I ended up hooking up with an awesome guy for a little over a month. Shit went down way too fast for us and he ended it.. which was kind of bogus, because I made an attempt at ending it in the beginning for the same reason and he said not to second guess myself and blah blah blah. That's fine. We're trying to be friends but I dont know how well that's working. I think I get way too attached way too fast. I know I wasnt ready to date anyone so soon after John, I was still really fucked over that shit so my breakup with Paul isnt going over well. I'm extremely jealous and my feelings get hurt way too easily over jokey things that we always say. I've decided to back the fuck off for a minute. I'd ended up calling him drunk off my face one night to scream and cry at him, big mistake. I'm fairly sure it caused a lot of damage to something that was already broken. I took a day off to not talk to him and apologized the day after. Even though we're supposedly cool, I dont think we are. It feels like I'm the only one putting effort into actually talking, so I'm taking a step back, not gonna call him or text him for a while and we'll just see how broken our friendship is. If he doesnt attempt talking to me in the next few days on his own accord, then I'm just wasting my time. I really wish we'd both waited after our breakups to get together. We really -do- make an awesome couple, we both agree on that much.
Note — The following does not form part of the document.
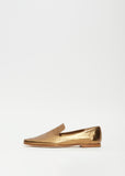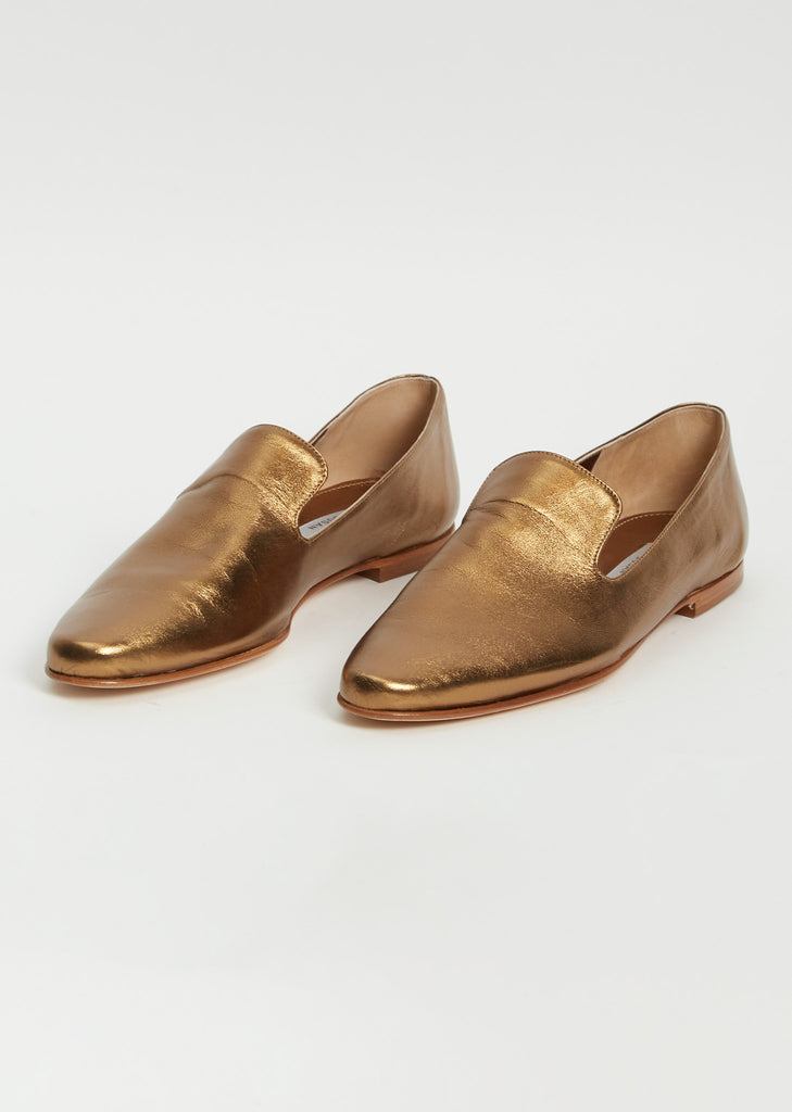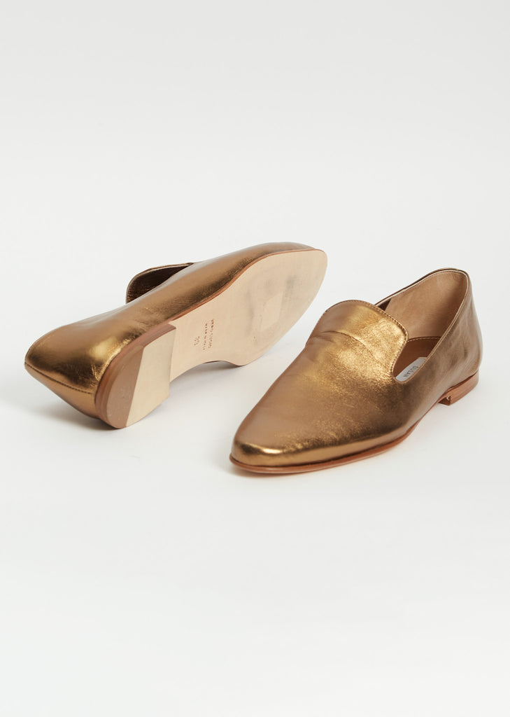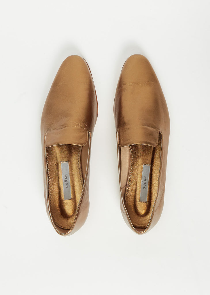 Dušan oro moccasin with an almond toe and notched vamp in soft lambskin leather. Fully lined in tonal metallic leather and set on a low stacked heel.

Work has been awesome these past few weeks. One guy that was bugging the shit out of me moved so the nights are quiet again. I have my partner in crime back and all is well. Nothing there is really bothering me at all. It's nice to just go to work and work.
My social life has been a little bit lacking lately. I stepped off the path for a few weeks when I was going out with Paul, just because I wanted to see him/talk to him/bone all the time. I guess I'm going to have to get back into the groove of things.. and stop being so ridiculous when it comes to guys.
I dont really have much else to say for now.. so yeah. I'll post back later when I think of things.